My main street could be any main street in any town or city that has consented to the corporate occupation of public space. It is hard not to, because these businesses are all legal, even though very few of them are good. They did not use military or political force to take over our towns, but economic force. In No Logo Naomi Klein describes the cut-throat tactics they use to destroy locally-owned independent businesses, which are also legal if not moral.
Did anyone protest this corporate occupation while it was happening? I did. With a handful of others who saw the writing on the wall I stood outside the first Starbucks store in Christchurch on its opening day twelve years ago, holding placards and handing out leaflets. Passers-by were either bemused or amused. It takes a lot of time and effort to unravel the connections between drinking a cup of stale corporate coffee (the beans are roasted in America) in New Zealand and not having enough money in local purses to properly fund civic amenities like libraries and swimming pools, or public services like schools and hospitals, so that all citizens can benefit from them. Or not enough adequately-paid, socially-useful jobs to keep the next generation employed at home.

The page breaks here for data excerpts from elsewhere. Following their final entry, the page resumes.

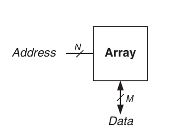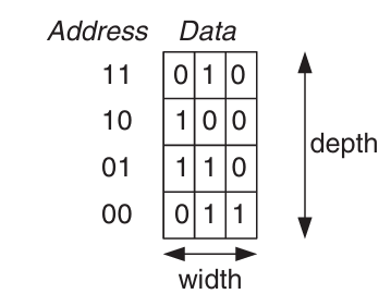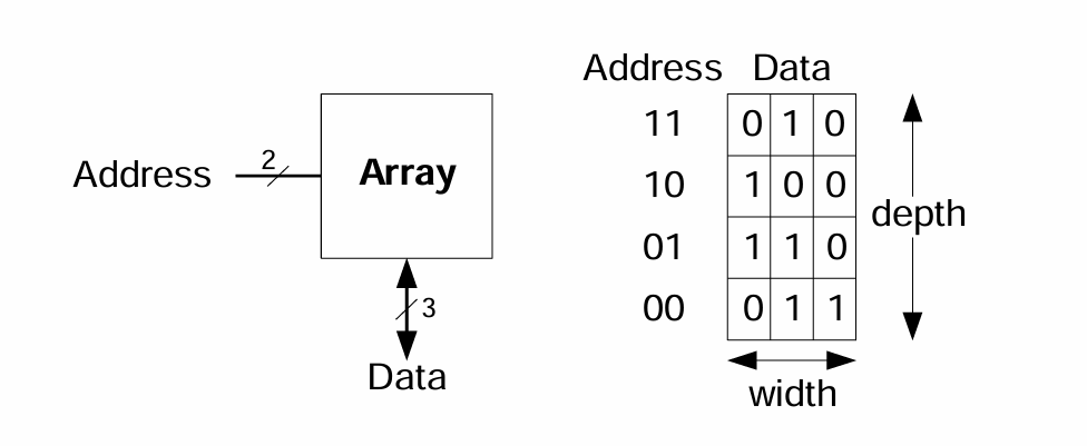 address bits와 data bits로 구성된 memory array는 개의 행(row)과 개의 열(column)로 구성된다. Depth는 행의 개수이고 Width는 열의 개수이다. array의 크기는 이다.
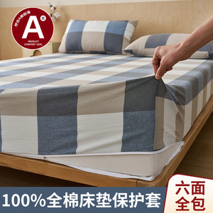 全棉六面全包拉链床笠罩纯棉席梦思学生床垫保护罩套2025新款床罩
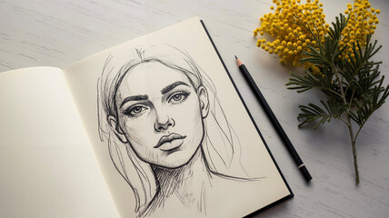 Open sketchbook with approximate charcoal drawing of a woman's face

The Occupy movement is saying No to all this, but what is it saying Yes to? To the things all good revolutions say yes to, of course – liberty, equality and the siblinghood of humankind – but beyond that, what is it doing to make a real difference? Here are some things that lots of the occupiers are already doing, and want to share. Their basic message is - vacate the corporation; occupy Main Street! Corporations that produce consumables only have the power and money we give them. So stop shopping with corporations. This is easy with things like healthy food; harder with things like electronic goods – but it can and must be done. Exit the corporation and enter the range of community-based alternatives. Keep your money in a community-owned bank, support independent locally-owned stores, join or start a co-op (worker, consumer, housing), grow food for yourself and others at a community garden or farm, join a Time Bank to give and get free services.
Will this be inconvenient? Not necessarily – within zero to five miles of Wall St there are twenty community-owned bank branches. I bank with New Zealand's one remaining community-owned bank, which is hundreds of kilometres away in the North Island, and I get excellent service via phone, mail and internet. Will it cost more? Not necessarily – my bank charges less interest on credit cards and loans than the foreign-owned corporate banks, pays more interest on savings accounts and term deposits, and charges no fees on accounts over $5000. But even if it is less convenient and costs a bit more upfront – that is the price of freedom.
The Occupy movement has grasped the truth that we send a message and create change much more powerfully through what we do than by what we say. Protest on the streets is a good start, but we're not stopping there. It is only by action - supporting economic alternatives and vacating the corporation – that we both bring down the existing rotten system and put a much better one in its place.